De son nom scientifique Fratercula arctica qui signifie « petit frère de l’Arctique » en latin, le macareux appartient à la famille des alcidés qui comprend aussi les pingouins ainsi que les guillemots. Petit oiseau tout en rondeur, le macareux mesure environ 30 centimètres pour 60 d’envergure. Facilement reconnaissable à son bec coloré, à ses pattes palmés (dont paradoxalement il ne se sert pas pour nager lui préférant ses ailes), le macareux semble être enveloppé d’une cape noire -d’où probablement son surnom de moine- ne laissant découvert et blanc que le dessus de ses yeux, ses joues et son ventre.
L’animal a connu des périodes difficiles où sa survie s’est jouée de peu. En 1900, on recensait entre 10000 et 15000 individus des Sept-Iles jusqu’à Houat… Chassés pour leur chair et leurs œufs par les populations locales au XIXe siècle, ils furent aussi pris pour cibles par de riches braconniers venus d’ailleurs. En juin 1911, M. Loiseau rapporte : « La colonie de macareux de l’île Rouzic a été décimée. L’île offre l’aspect d’un véritable champ de carnage. Nous extrayons des trous des poussins morts, des œufs abandonnés et pourris ; nous trouvons une seule femelle occupée à couver et un adulte près d’un poussin de huit à dix jours. Nous apprenons alors par nos matelots que huit jours avant, deux ou trois individus sont venus de Paris et se sont fait débarquer dans l’île avec une caisse de 60 kg de cartouches. Ils n’ont quitté l’île qu’après avoir tout brûlé sur ces inoffensifs oiseaux, tués au moment où ils venaient au nid apporter la nourriture à leurs petits. Les cadavres des victimes (près de trois cents, nous a-t-on dit) ont été ramenés à Perros, et là, jetés sur la grève. Ces messieurs les chasseurs (!), fiers de leur tableau, n’en ont emporté qu’un ou deux exemplaires. Il paraît que ces vandales répètent presque tous les ans ces inutiles et stupides massacres. (…) ». On peut retrouver le récit de ce type de braconniers dans un article paru dans La chasse illustré du 7 mai 1881.
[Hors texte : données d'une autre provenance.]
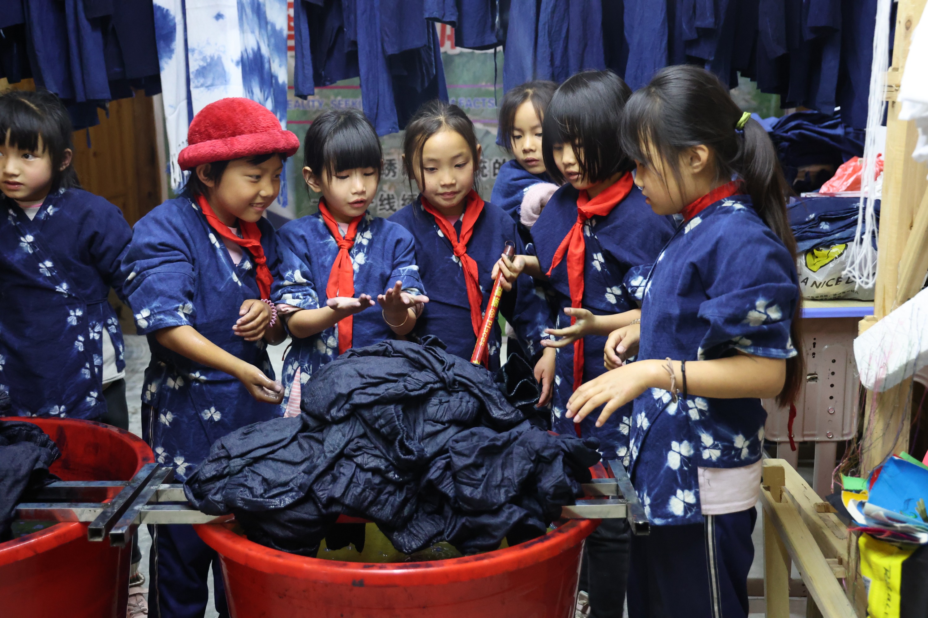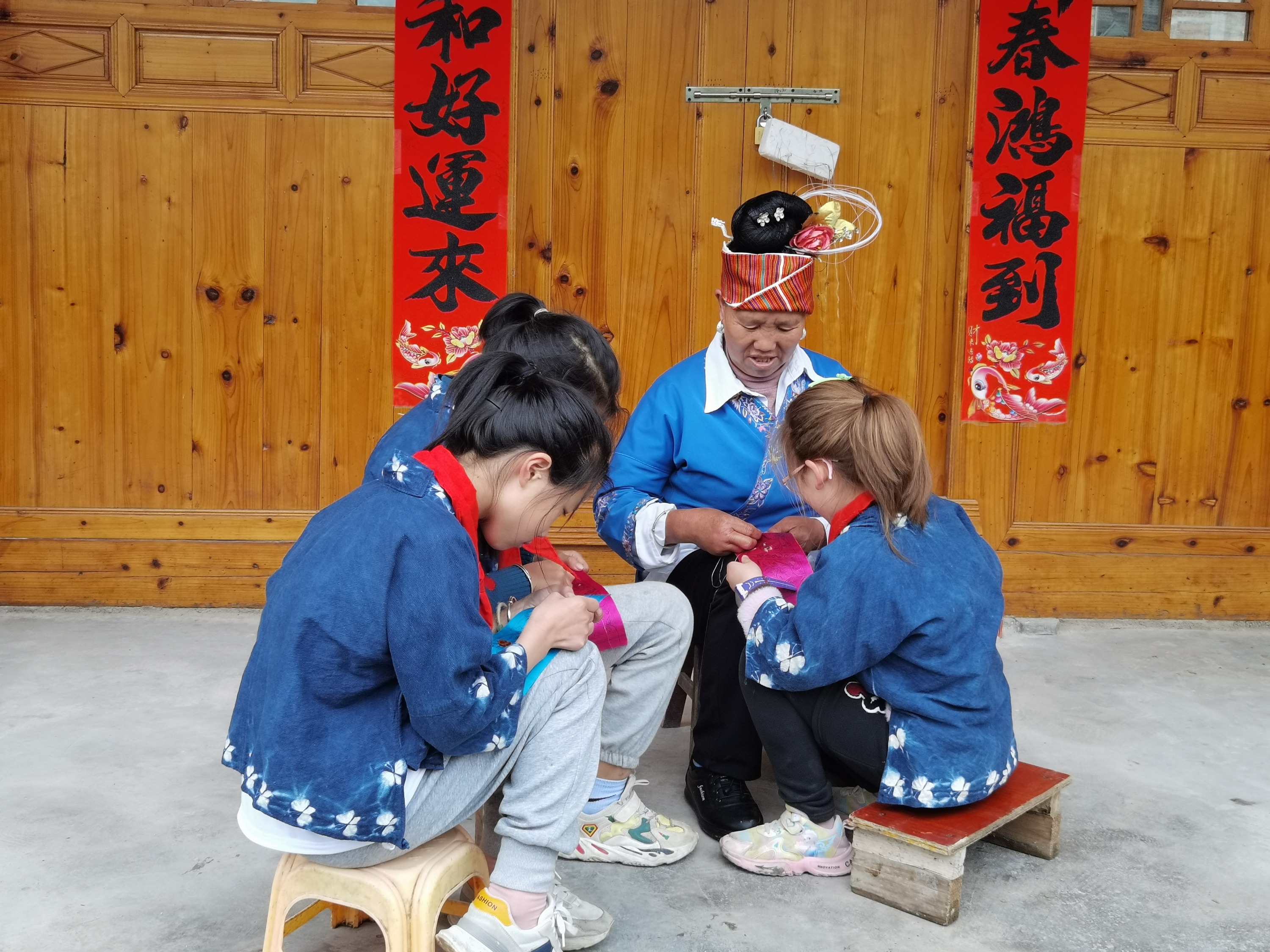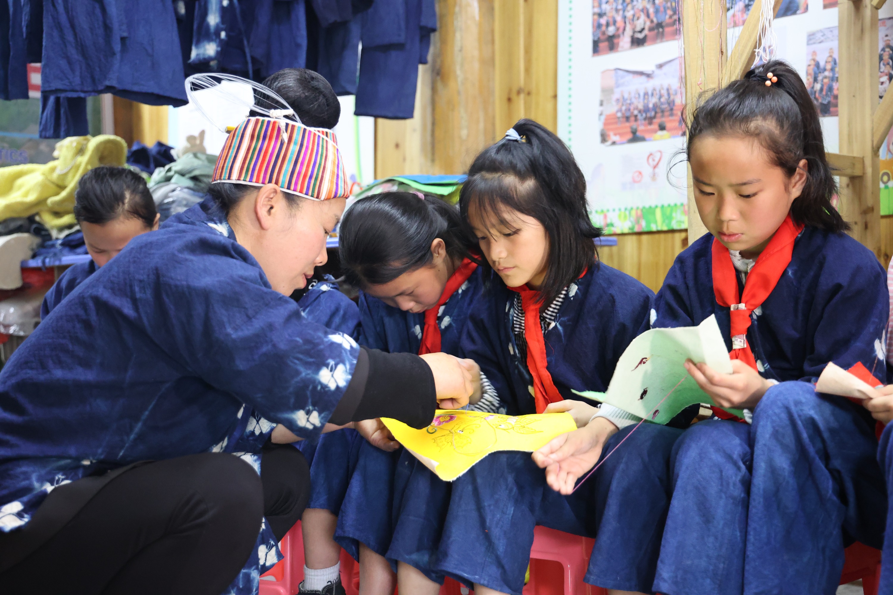 除了学习蓝靛染布,孩子们还会学习刺绣,他们会在学校里同万老师学,也会在周末回家后同奶奶学。自己民族的文化,就这样穿梭在他们手中,一针一线,一剪一裁,一染一晒,印刻在他们成长的路上。来自六年级的潘雨秋晨告诉记者,通过制作民族手工拿去卖,他们还领到了新被单、新学些用品,这让他们很有成就感,原来其他人也这么喜欢自己民族的东西。

La chasse au macareux n’est pas spécifique à la Bretagne puisqu’il était consommé en Islande ou sur les îles Féroé. C’est cependant cet épisode de chasse de loisirs qui a contribué à la création de la Ligue pour la Protection des Oiseaux (LPO) en 1912 et en même temps à l’implantation d’une réserve ornithologique privée par cette même Ligue. La mobilisation des ornithologues a également permis de classer l’archipel des Sept-Iles, réserve naturelle nationale en 1976.
Aujourd’hui, bien qu’étant toujours protégée, la population de macareux moine diminue. Le centre de sauvegarde LPO de l’Ile-Grande (Pleumeur-Bodoù) n’a recensé durant l’été 2016 que 130 couples sur l’île Rouzic, seule île à les abriter, quand ils étaient plus de 8000 dans les années 1950. En cause, les multiples marées noires que la Bretagne a connues et aujourd’hui le réchauffement climatique. Les températures grimpant, les stocks de poissons migrent et l’animal est obligé de faire de plus en plus de route pour se nourrir ce qui l’épuise. Malgré une espérance de vie pouvant atteindre 25 ans, les effectifs sont d’autant plus faibles que l’espèce ne pond qu’un seul œuf par an de fin avril à mai. Qui plus est, les macareux nichant au sol, ils sont victimes des rats qui infestent les îles, ainsi que des goélands qui ont proliféré du fait de la multiplication des décharges à ciel ouvert. Charognards, ces derniers s’attaquent aux juvéniles pendant que les parents sont partis chasser le sprat.
Les lumières de la côte contribuent enfin à perturber les poussins qui, au premier envol, sont désorientés et attirés inexorablement alors qu’ils devraient se tourner vers la mer pour apprendre à chasser. En Islande, ce problème a donné lieu à une nouvelle tradition : des enfants partent à la recherche de macareux perdus qu’ils recueillent dans des cartons pour leur éviter une mort certaine avant de les relâcher le jour suivant.